Solved (sort of): Strange VFS performance problem

Thu Feb 17 18:10:28 GMT 2005

On Wed, Feb 17, Terry Griffin wrote:
> On Wed, 2005-02-09 at 17:01, Jeremy Allison wrote:
>> On Wed, Feb 09, 2005 at 04:56:25PM -0800, Terry Griffin wrote:
>> > Hi all,
>> >
>> > I'm having a very strange Samba VFS performance problem. Hoping
>> > you can provide some clues.
>> >
>> > I've implemented a custom Samba VFS module. Functionally everything
>> > is fine and the module does what it's supposed to do.
>> >
>> > With a Windows 2000 client the VFS module introduces an expected
>> > throughput hit on large writes in the range of 10-20% (over Gigabit
>> > Ethernet). But with a Linux CIFS client the throughput hit is more
>> > like 90%!
>> >
>> > The Linux/CIFS and W2K client throughput numbers are similar in
>> > the case where the custom VFS module is not in use.
>> >
>> > What about a VFS module could cause such drastically different
>> > results between a W2K client and a Linux/CIFS client? And is there
>> > something I can do to improve the Linux numbers? I've fiddled with
>> > directio and CIFSMaxBufSize options on the client side with no
>> > help. I've fiddled with all the usual tuning parameters on the Samba
>> > side, again with no improvement.
>> >
>> > Linux (on both the CIFS client and Samba server) is Fedora Core 2
>> > with kernel 2.6.10. The Samba version is 3.0.10.
>>
>> Try using cachegrind :
>>
>> http://developer.kde.org/~sewardj/docs-2.2.0/cg_techdocs.html
>>
>> Profile the fast and slow cases and look for differences. Use
>> smbd -i to look at one instance.
>>
>> It's what I use to track down code performance problems in Samba.
>>
>> Jeremy.
>
> Well I've made a little progress after getting sidetracked for
> a while.
>
> The main difference between W2K as a client and Linux/CIFS is the
> sizes of the writes. W2K will send over 64K at a time while
> Linux/CIFS will send over only 4K at a time when copying a large
> file. There doesn't seem to be anything I can do to get Linux/CIFS
> to send anything other than 4K chunks.
>
> The other dimension to the problem is that I'm using asynchronous
> I/O (AIO) in my VFS module's write/pwrite functions (aio_write,
> aio_error, and aio_return). The AIO routines seem especially
> inefficient for 4K-sized writes but perform nicely with 64K writes.
> Oddly I don't see the same performance difference between 4K and 64K
> writes with the synchronous I/O functions even though in 2.6.x the
> synchronous I/O functions are supposedly just wrappers around the AIO
> functions.
>
> Anyway, as before any clues would be appreciated, especially if they
> are clues that get me bigger-than-4K writes between a Linux/CIFS
> client and a Samba server.
>
> Thanks,
> Terry
>

The final culprit was AIO, or rather the absence of any mechanism
for a user-space application to "instantly" respond to the completion
of an AIO operation. The 4K sizes sent to VFS pwrite() via the
Linux/CIFS client made things worse but was not the root cause.

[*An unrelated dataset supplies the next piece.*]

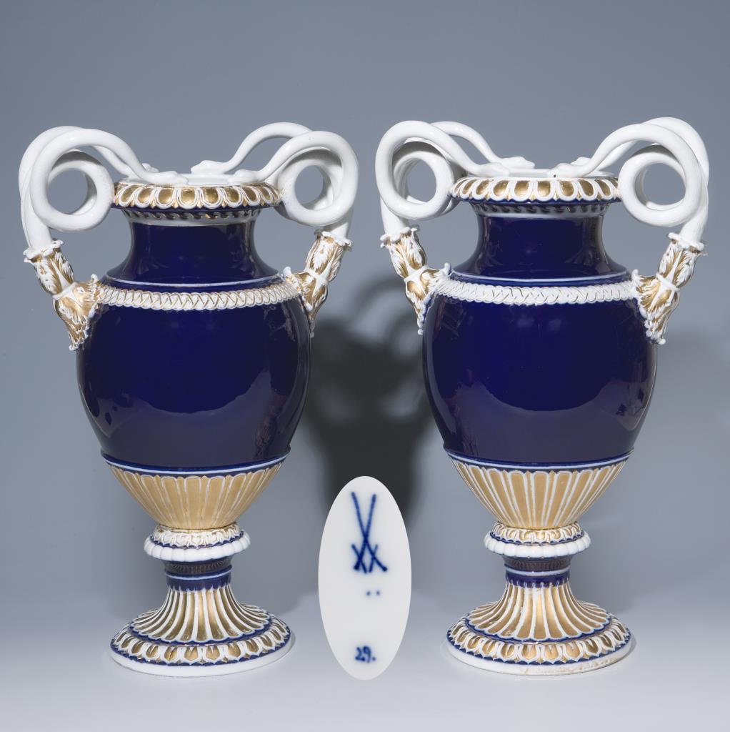 Balusterförmiger Korpus mit hochgezogenen Handhaben in Form von Schlangenpaaren über montiertem Rundfuß. Gold berieben, partiell nachgearbeitet.

The original sequence in my VFS modules's pwrite() was:

- aio_write()
- Do some other useful stuff with the data
- Polling loop: aio_error()/nanosleep()
- aio_return()

The problem is nanosleep(). (See the BUGS section of the man page.)
It sleeps way too long for this to be efficient when the data is
coming in over 1Gb Ethernet.

One workaround is:

- aio_write()
- Do some other useful stuff with the data
- nice(1)
- Polling loop: aio_error(), but no sleeping!
- nice(-1)
- aio_return()

This gives me a ten-fold improvement in throughput with the
Linux/CIFS 4K-writes. The nice(1)/nice(-1) thing is required so the
polling loop doesn't take CPU away from the aio_write() operation.

What I really need is a blocking aio_error() with instant return
on completion of the AIO operation. A real nanosleep() might also
do it.

Terry
-- 
Terry Griffin
Axian Inc.
http://www.axian.com/